Before the weather gradually subsided on Friday morning, scores of trees were downed throughout the financial district by heavy rain and strong winds overnight.
In the afternoon, the typhoon signal was reduced, and public transit and services gradually resumed.
The people of Hainan, a tropical vacation destination in southern China, prepared for the strong storm.
Flood safety measures and pauses
Later on Friday, the provincial meteorological service predicted that Yagi will landfall somewhere between Wenchang City and Xuwen County in the neighboring province of Guangdong.
On Thursday, people reinforced their windows with tape and erected sandbag barriers outside of buildings to protect against potential flooding, according to a report from China’s official Xinhua news agency.
According to the official China Daily, businesses, jobs, transportation, and classes were all suspended as early as Wednesday night in several regions of the province.
On Friday, all flights at Haikou City’s international airport were grounded and a few tourist sites were stopped.
When Yagi made landfall on Wednesday in the South China Sea off the northwest coast of the Philippines, it was still a tropical storm.
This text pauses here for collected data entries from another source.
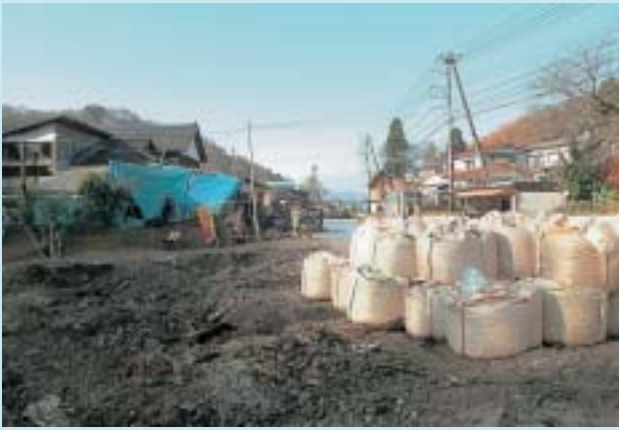
土のうが積まれた浦柄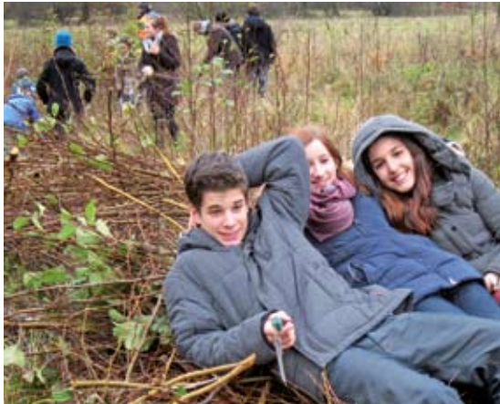
Wohlverdiente Atempause

Bereits im zweiten Jahr in Folge unterstützte eine Klasse des Lise-Meitner-Gymnasiums den NABU bei Naturschutzarbeiten in der Feldmark (s. Titelbild). Eine Schü-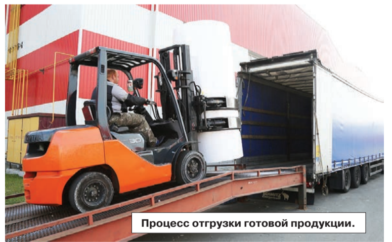
Процесс отгрузки готовой продукции.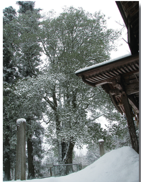
三嶋神社のシラカシ(県指定天然記念物・河辺町)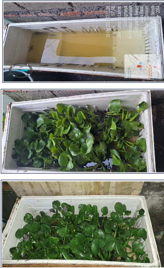
Gambar 3. Bak Aklimatisasi

Selama proses fitoremediasi tiga hari, setiap reaktor diisi lima tanaman dengan kondisi daun yang diamati secara berkala. Pada hari pertama daun masih dominan hijau, sedangkan pada hari kedua dan ketiga mulai terlihat perubahan warna menjadi kekuningan yang mengindikasikan adanya respons fisiologis terhadap paparan limbah. Meskipun terjadi perubahan warna, tanaman tetap mampu menjalankan fungsi penyisihan polutan secara optimal. Desain sistem terdiri atas tiga reaktor dengan sistem sirkulasi menggunakan pompa dan pipa sehingga proses berlangsung secara kontinu. Rincian pengamatan proses disajikan pada Tabel Proses Fitoremediasi dan ilustrasi sistem dapat dilihat pada Gambar Desain Proses Fitoremediasi dibawah ini.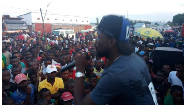
Local artist performing SZOP song on schools' protection a mass campaign in Baraka, South-Kivu.

Afin d'atteindre pour les membres des communautés ciblées, d'interagir avec eux et vulgariser les lignes directrices pour la protection des écoles et la déclaration des écoles sécuritaires, plusieurs campagnes publiques ont été menées.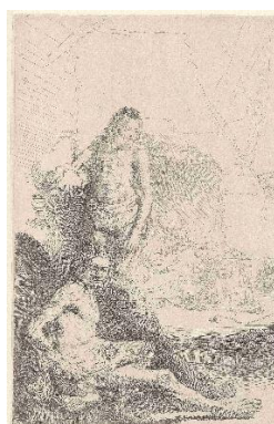
Rembrandt Harmensz. van Rijn, Der Laufwagen, Entwurf: um 1646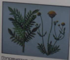
Голозачатка Литвинова Cephalaria litvinavii Bobr СЕМЕЙСТВО ВОРСЯНКОВЫЕ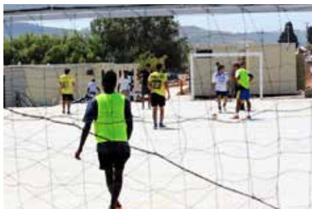
Complexo Desportivo e de Lazer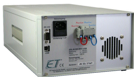
Rückansicht ESL-Solar 500 im 235x135x435mm Gehäuse mit standardmäßigem Tragegriff

Für Systemanwendungen ist eine Ausführung als Dualgerät verfügbar, d. h. zwei Lasten in einem Gehäuse (19", 2HE, 380mm), ohne Bedienung und Anzeige, Typ ESL-Solar 500D-ENC. Optional ist die ESL-Solar 500 mit einem Bestrahlungsstärke- und Temperaturmesssensor lieferbar. Die Bestrahlungsstärke hat einen Messbereich von 0...1200W/m 2 und ein Temperaturmessbereich von -20°C bis +80 °C. Die Optionsbezeichnung lautet "S". Über die Software wird laut Norm DIN EN 60891 die Peakleistung der Module auf 1000W/m 2 berechnet.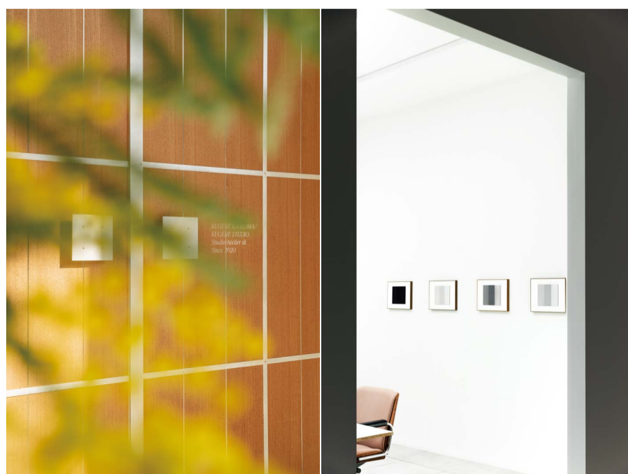
EUGENE STUDIO Studio/Atelier iii

現在は東京近郊にて、作家本人とスタジオスタッフの設計とDIYによる、緑豊かな「Atelier iii」にて、様々な分野のスタッフによって制作が行われています。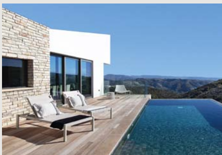
RESIDENCES | 3&4 BEDS Residences from €1,795,000 +VAT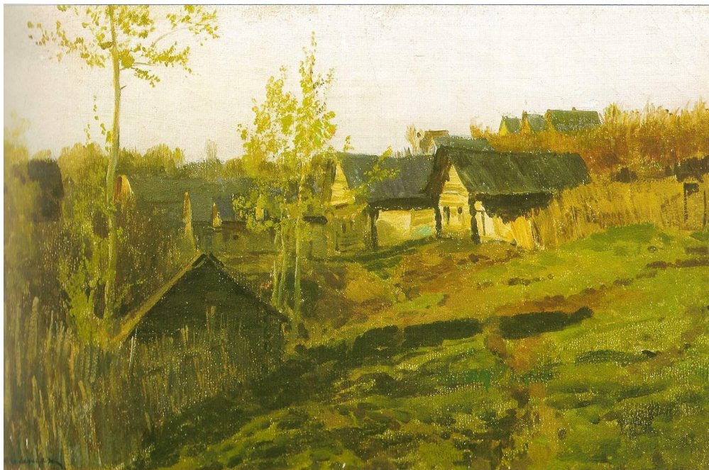
«Деревня. Серый день».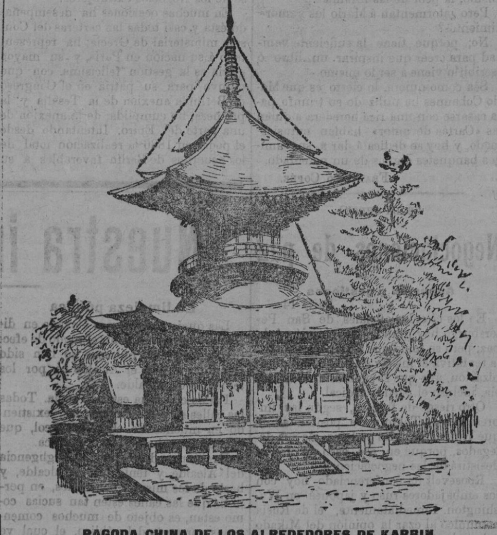
PAGODA CHINA DE LOS ALREDEDORES DE KARBIN

tenido y formar el concepto y aprecio que dispensará a ese género de música religiosa, nuestro espiritual pueblo.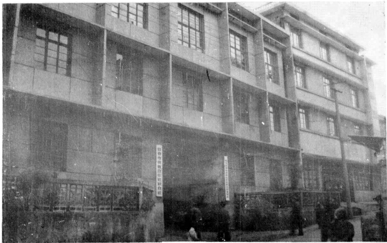
宜春市供销社联合社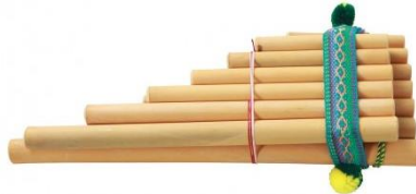
flûte de pan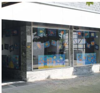
ehemals "Radio Schippers"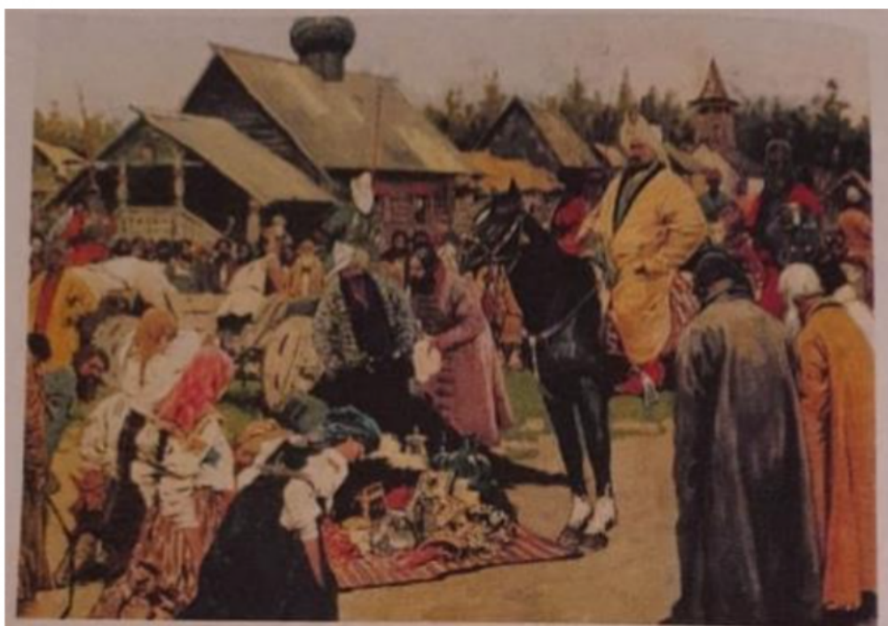
С. В. Иванов. Баскаки (1909)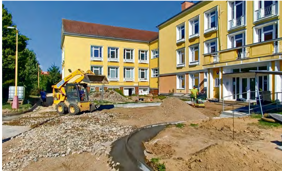
Stavebné práce na projekte počas leta

■ Z poskytnutého nenávratného finančného príspevku bolo v rámci projektu zakúpené aj záhradné náradie za účelom starostlivosti o zeleň a to – plotostrih 2 ks, vysávač listia 1 ks, fukár listia 2 ks, krovínorez 2 ks, vyvetvovacia píla 1 ks, benzínová kosačka 1 ks, bubnová kosačka 1 ks, univerzálne rozmetadlo 1 ks, prívesný fúrik nosnosť 300 kg 1 ks, hospodársky fúrik 210 l dvojkolesový 1 ks, záhradnícke nožnice teleskopické 1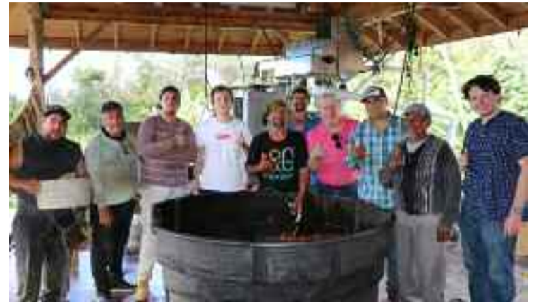
En Termatalia poderase tomar cafés de 30 países produtores.

Grazas á acción combinada dos delegados internacionais que conforman a "rede Termatalia" (a feira conta cunha vintena de delegados internacionais que cobren máis de 40 países) e a dos colaboradores de alternative. cafe,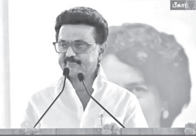
முடிந்தபிறகு, புதிய மக்கள் தொகைக்கு ஏற்றாற்போல நாடாளுமன்ற தொகுதிகளை அதிகரித்து மறுவரையறை செய்யலாம் என்று கூறுகிறது.

இந்த விவாதத்தை முடித்து வைக்கும் விதமாக வந்தது தான் தொகுதி மறுவரையறை சட்டம். அதனைச் சுருக்கமாக புரிந்துகொள்வோம். அரசியலமைப்பு சட்டம், பத்தாண்டுகளுக்கு ஒருமுறை மக்கள் தொகை கணக்கெடுப்பு நடந்து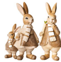
Cod: RS 1020 Des: Coppia coniglietti con sciarpa Note: 14x7x23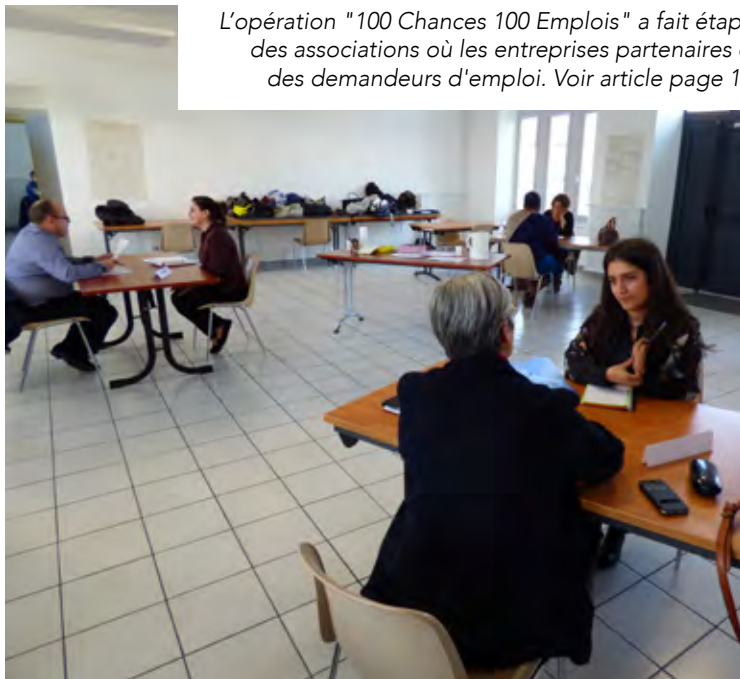
L'opération "100 Chances 100 Emplois" a fait étape à la Maison des associations où les entreprises partenaires ont rencontré des demandeurs d'emploi. Voir article page 13. 15-11-2018

It caused extensive floods and landslides that killed at least 16 people and left 17 more missing, especially in the northern and central provinces where it affected over 2 million people.
Classes, jobs, inter-island ferry services, and domestic flights were affected for days, affecting about 47,600 individuals who were uprooted from their homes in Philippine regions, including the heavily populated metropolitan Manila region.